Seeing that it was a public vehicle she shouted. The driver hauled on the reins, came to a stop some yards beyond, and turned on his perch. "Want to hire a coach?"
Amber had already reached the door and pulled it open. "Temple Bar!" she cried. "And quick!" She jumped in and slammed it shut, so glad to be safe inside that she scarcely noticed how it smelt.
He drove so fast and so recklessly that she could only try to keep her seat as the coach careened along. The wooden seat on which she sat was covered with a thin hard pad and the jarring and vibrating of the springless compartment shook her to the heels. At Temple Bar he stopped.

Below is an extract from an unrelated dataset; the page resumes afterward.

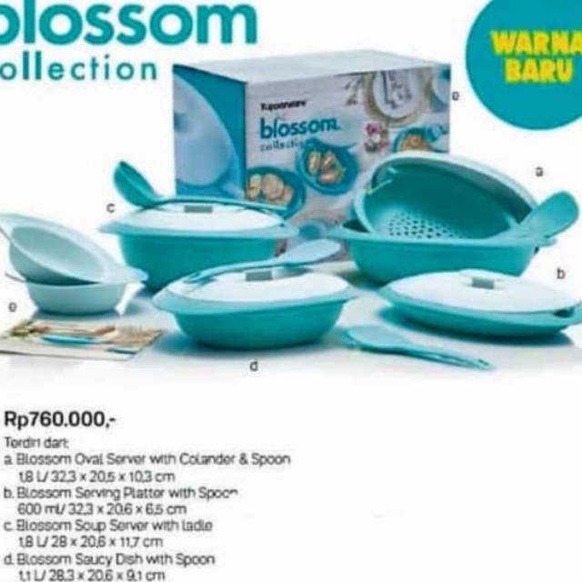 Kegunaan: Perangkat wadah saji cantik yang membuat acara makan bersama keluarga terasa semakin istimewa1 set terdiri dari:a. Blossom Oval Server with Colander & Spoon 1,8L/ 32,3 x 20,5 x 10,3 cm b. Blossom Serving Platter 600ml/ 32,3 x 20,6 x 6,5 cm c. Blossom Soup Server with ladle 1,8L/ 28 x 20,6 x 11,7 cm d. Blossom Saucy Dish 1,1L/ 28,3 x 20,6 x 9,1 cme. Blossom Bowl (2pcs)f. Booklet & Gift BoxFITUR:- Terdapat pegangan di pinggiran wadah, sehingga mudah saat dibawa atau dipindahkan.- Terdapat spoon slot agar cover tetap dapat menutup meskipun spoon ada di dalam wadah.- Spoon dapat diletakkan melekat di bagian atas handle cover, menjaga spoon agar tetap higienis saat sedang tak digunakan dan juga agar tak mudah terjatuh.- Sudut tumpul, sehingga mudah untuk menyendok sisa makanan.- Dilengkapi cover, sehingga Blossom Collection memiliki 3 fungsi sekaligus, yaitu reheat (menghangatkan dalam microwave), serving (menyajikan hidangan di meja makan), dan stoage (menyimpan kelebihan makanan yang dapat langsung disimpan dalam kulkas).- Bagian luar, base bertekstur lebih kasar agar tak mudah tergelincir saat diletakkan di meja. Sedangkan pada bagian dalamnya lebih licin untuk memudahkan menyendok makanan dan juga lebih mudah untuk dibersihkan.- Selain untuk penggunaan sendiri, produk ini juga bisa dijadikan sebagai bingkisan cantik dan tak terlupakan untuk kerabat, karena dilengkapi dengan Inner Bo

Almost before the wheels had quit turning she was down and off on a run toward the Temple, for she had not a farthing with her.
"Hey!" he yelled furiously. "Come back here, you cheating drab!"
And then as she ran on, disappearing into the darkness, he climbed down and started after her. But at the sight of a party of gay and drunken students, he apparently decided it was not worth the risk of losing his coach-and-horses for a one-shilling fare. He got back up on his perch and started off again.
Amber ran down Middle Temple Lane and cut into the Pump Court. Many lights were still burning, there were sounds of music and singing and laughter, and people were going and coming everywhere. Her head was down, because she was now too tired to hold it up, and she ran headlong into a group of some half-dozen students, one of whom caught her in his arms.
"Hey, there, sweetheart!" he cried gaily. "Where're you going in such haste!"
Amber did not answer him but began to struggle frantically, pounding at his chest with her fists, crying with exhaustion and terror. But the more she struggled the tighter he held her. And all the others had gathered around now, laughing and joking, thinking that perhaps they had caught a whore, since no respectable woman would be running about the streets at eleven o'clock in only a thin silk dress, and that torn and wet.
He bent her head back to kiss her and Amber felt them crowding closer and closer until such a terror swept over her she was close to fainting. Every one of them looked like a constable. At that moment she heard a familiar voice.
"Hey, just a minute! What's going on here! I know this lady— Let her go, you varlets!" It was Michael Godfrey, whom Amber had not seen for more than four months.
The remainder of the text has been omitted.